─── Entries supplied ───

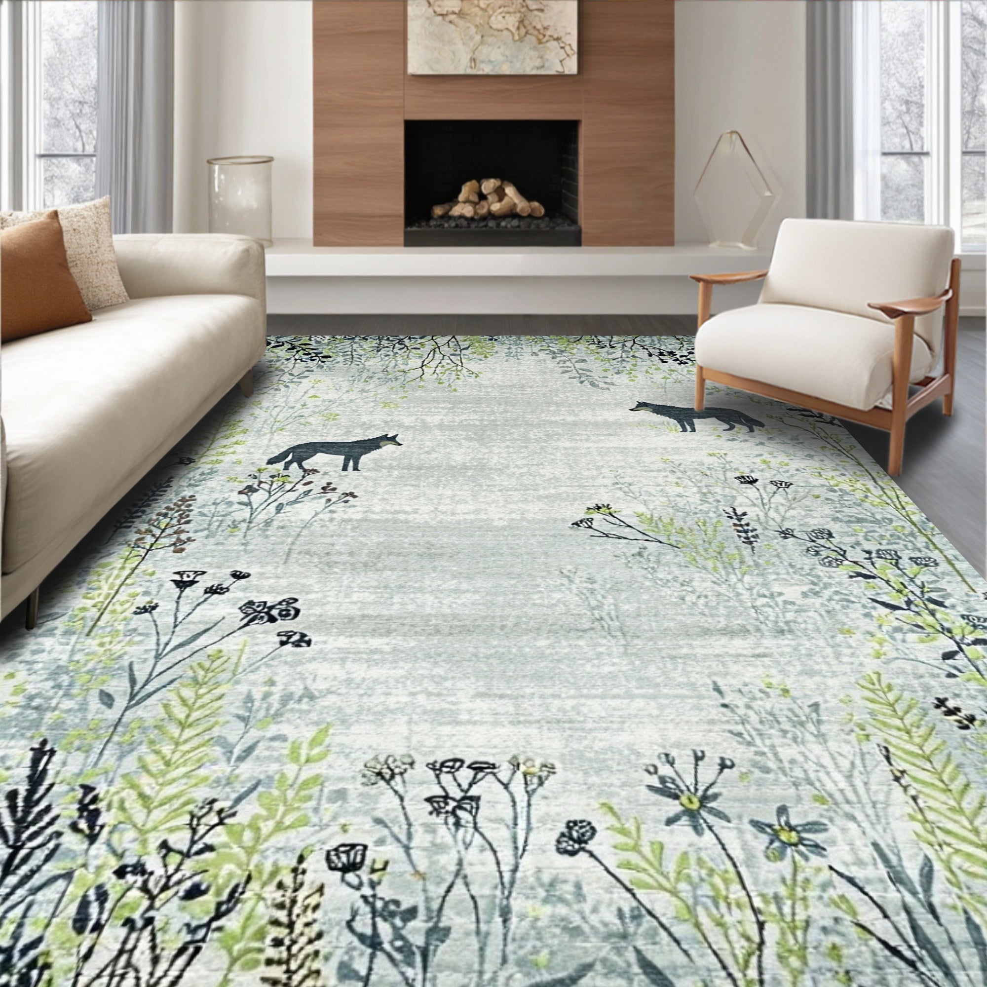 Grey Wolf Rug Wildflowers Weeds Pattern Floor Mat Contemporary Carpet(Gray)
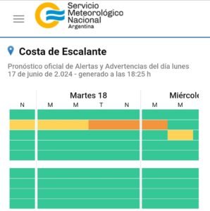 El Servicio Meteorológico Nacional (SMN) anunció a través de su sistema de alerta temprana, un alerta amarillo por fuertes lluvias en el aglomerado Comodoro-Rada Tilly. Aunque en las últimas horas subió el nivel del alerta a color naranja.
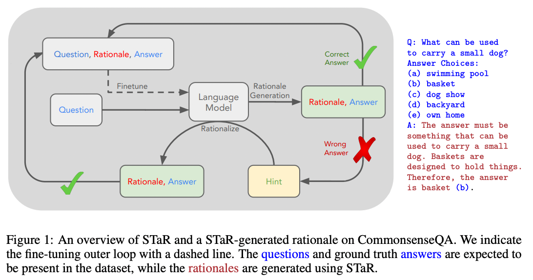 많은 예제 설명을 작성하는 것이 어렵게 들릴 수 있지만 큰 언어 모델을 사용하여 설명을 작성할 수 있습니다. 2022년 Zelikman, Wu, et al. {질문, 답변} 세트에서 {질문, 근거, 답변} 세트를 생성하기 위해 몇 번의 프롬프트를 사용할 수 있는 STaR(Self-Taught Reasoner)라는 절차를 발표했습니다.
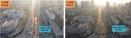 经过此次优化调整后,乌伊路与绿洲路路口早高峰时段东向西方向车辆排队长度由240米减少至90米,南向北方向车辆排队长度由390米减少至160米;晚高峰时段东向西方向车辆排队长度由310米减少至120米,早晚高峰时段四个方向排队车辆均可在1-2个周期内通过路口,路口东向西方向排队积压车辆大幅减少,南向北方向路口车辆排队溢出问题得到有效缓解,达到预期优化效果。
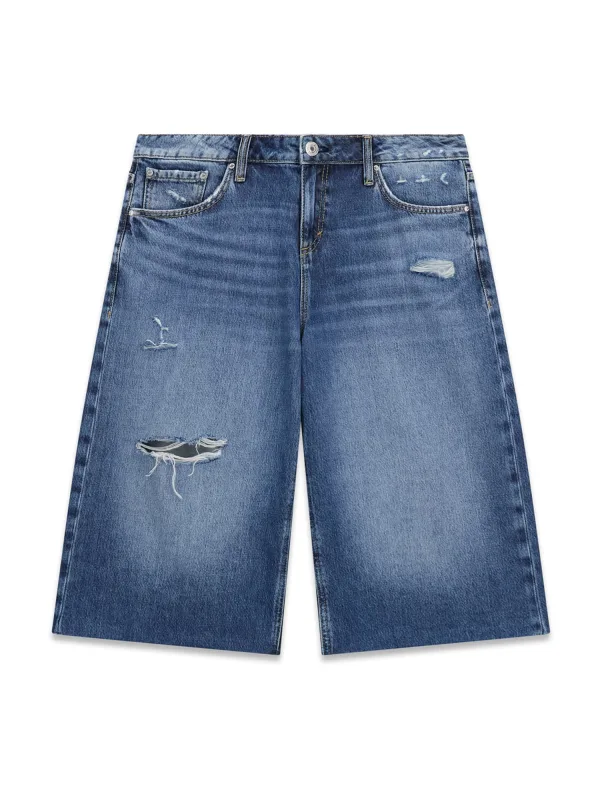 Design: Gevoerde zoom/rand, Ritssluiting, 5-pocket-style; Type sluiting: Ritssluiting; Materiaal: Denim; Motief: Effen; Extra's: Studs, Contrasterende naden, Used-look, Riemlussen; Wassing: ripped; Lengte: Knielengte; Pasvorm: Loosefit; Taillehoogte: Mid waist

───
─── Entries supplied ───

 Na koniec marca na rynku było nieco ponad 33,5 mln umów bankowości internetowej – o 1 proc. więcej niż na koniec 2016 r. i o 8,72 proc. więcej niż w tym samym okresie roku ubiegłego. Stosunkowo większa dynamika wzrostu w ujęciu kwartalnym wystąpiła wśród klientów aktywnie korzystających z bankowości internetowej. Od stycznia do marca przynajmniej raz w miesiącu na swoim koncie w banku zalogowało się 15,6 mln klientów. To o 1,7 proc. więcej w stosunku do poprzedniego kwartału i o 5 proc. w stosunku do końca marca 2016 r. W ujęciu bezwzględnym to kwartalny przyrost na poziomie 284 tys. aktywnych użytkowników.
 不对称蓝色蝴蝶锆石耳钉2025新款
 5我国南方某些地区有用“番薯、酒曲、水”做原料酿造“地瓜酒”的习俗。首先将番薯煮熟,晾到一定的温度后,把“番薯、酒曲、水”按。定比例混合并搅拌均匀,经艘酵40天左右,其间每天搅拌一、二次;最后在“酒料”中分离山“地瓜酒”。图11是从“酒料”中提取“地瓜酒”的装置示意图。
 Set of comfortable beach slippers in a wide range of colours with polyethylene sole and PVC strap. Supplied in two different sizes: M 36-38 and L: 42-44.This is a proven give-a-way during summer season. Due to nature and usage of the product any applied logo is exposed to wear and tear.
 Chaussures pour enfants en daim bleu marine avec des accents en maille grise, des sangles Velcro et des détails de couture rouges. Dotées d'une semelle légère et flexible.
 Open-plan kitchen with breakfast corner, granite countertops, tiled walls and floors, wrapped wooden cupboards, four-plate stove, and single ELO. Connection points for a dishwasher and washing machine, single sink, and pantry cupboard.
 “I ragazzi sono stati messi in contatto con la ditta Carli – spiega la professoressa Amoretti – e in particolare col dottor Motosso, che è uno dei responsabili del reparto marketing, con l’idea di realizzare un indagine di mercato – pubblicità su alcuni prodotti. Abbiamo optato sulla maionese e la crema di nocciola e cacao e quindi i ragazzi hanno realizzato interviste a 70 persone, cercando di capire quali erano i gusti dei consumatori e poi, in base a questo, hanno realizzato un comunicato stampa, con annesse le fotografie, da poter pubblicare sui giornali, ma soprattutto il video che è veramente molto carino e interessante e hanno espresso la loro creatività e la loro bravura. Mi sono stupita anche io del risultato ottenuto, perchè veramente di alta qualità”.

───
─── Entries supplied ───

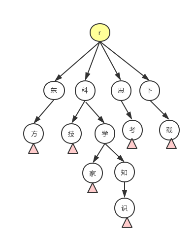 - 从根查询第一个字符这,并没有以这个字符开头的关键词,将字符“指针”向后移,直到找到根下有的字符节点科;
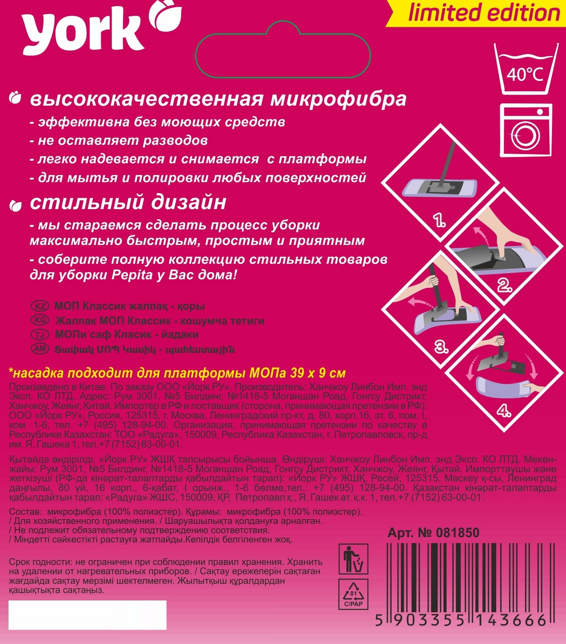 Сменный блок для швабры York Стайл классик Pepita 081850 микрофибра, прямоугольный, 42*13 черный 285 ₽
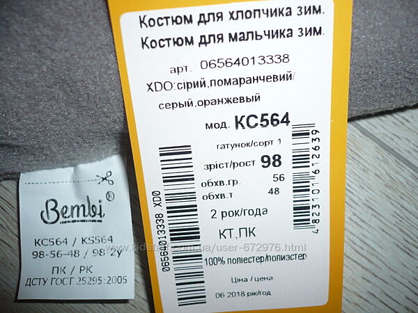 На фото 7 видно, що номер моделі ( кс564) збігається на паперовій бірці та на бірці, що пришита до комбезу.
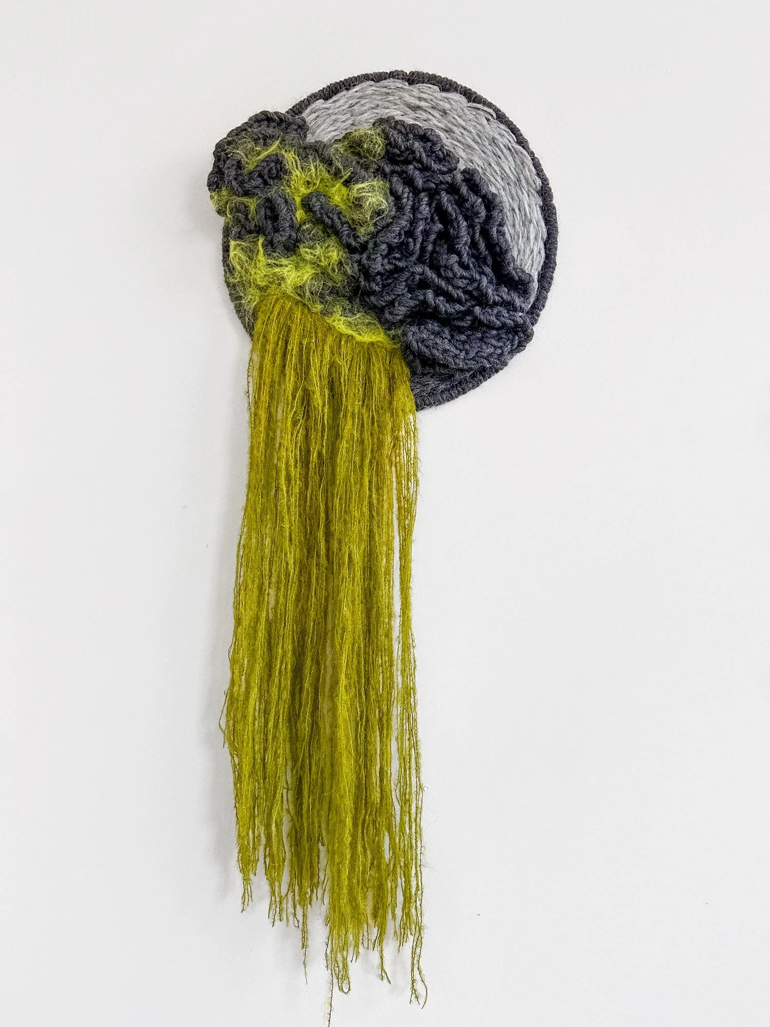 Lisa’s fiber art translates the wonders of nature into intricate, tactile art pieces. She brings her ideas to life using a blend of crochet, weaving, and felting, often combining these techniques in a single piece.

───

In the entries above, find the line with "不对称蓝色蝴蝶锆石耳钉2025新款" and the line with "ragazzi sono stati", then set down exactly those two and every line between them, nothing else.

 不对称蓝色蝴蝶锆石耳钉2025新款
 5我国南方某些地区有用“番薯、酒曲、水”做原料酿造“地瓜酒”的习俗。首先将番薯煮熟,晾到一定的温度后,把“番薯、酒曲、水”按。定比例混合并搅拌均匀,经艘酵40天左右,其间每天搅拌一、二次;最后在“酒料”中分离山“地瓜酒”。图11是从“酒料”中提取“地瓜酒”的装置示意图。
 Set of comfortable beach slippers in a wide range of colours with polyethylene sole and PVC strap. Supplied in two different sizes: M 36-38 and L: 42-44.This is a proven give-a-way during summer season. Due to nature and usage of the product any applied logo is exposed to wear and tear.
 Chaussures pour enfants en daim bleu marine avec des accents en maille grise, des sangles Velcro et des détails de couture rouges. Dotées d'une semelle légère et flexible.
 Open-plan kitchen with breakfast corner, granite countertops, tiled walls and floors, wrapped wooden cupboards, four-plate stove, and single ELO. Connection points for a dishwasher and washing machine, single sink, and pantry cupboard.
 “I ragazzi sono stati messi in contatto con la ditta Carli – spiega la professoressa Amoretti – e in particolare col dottor Motosso, che è uno dei responsabili del reparto marketing, con l’idea di realizzare un indagine di mercato – pubblicità su alcuni prodotti. Abbiamo optato sulla maionese e la crema di nocciola e cacao e quindi i ragazzi hanno realizzato interviste a 70 persone, cercando di capire quali erano i gusti dei consumatori e poi, in base a questo, hanno realizzato un comunicato stampa, con annesse le fotografie, da poter pubblicare sui giornali, ma soprattutto il video che è veramente molto carino e interessante e hanno espresso la loro creatività e la loro bravura. Mi sono stupita anche io del risultato ottenuto, perchè veramente di alta qualità”.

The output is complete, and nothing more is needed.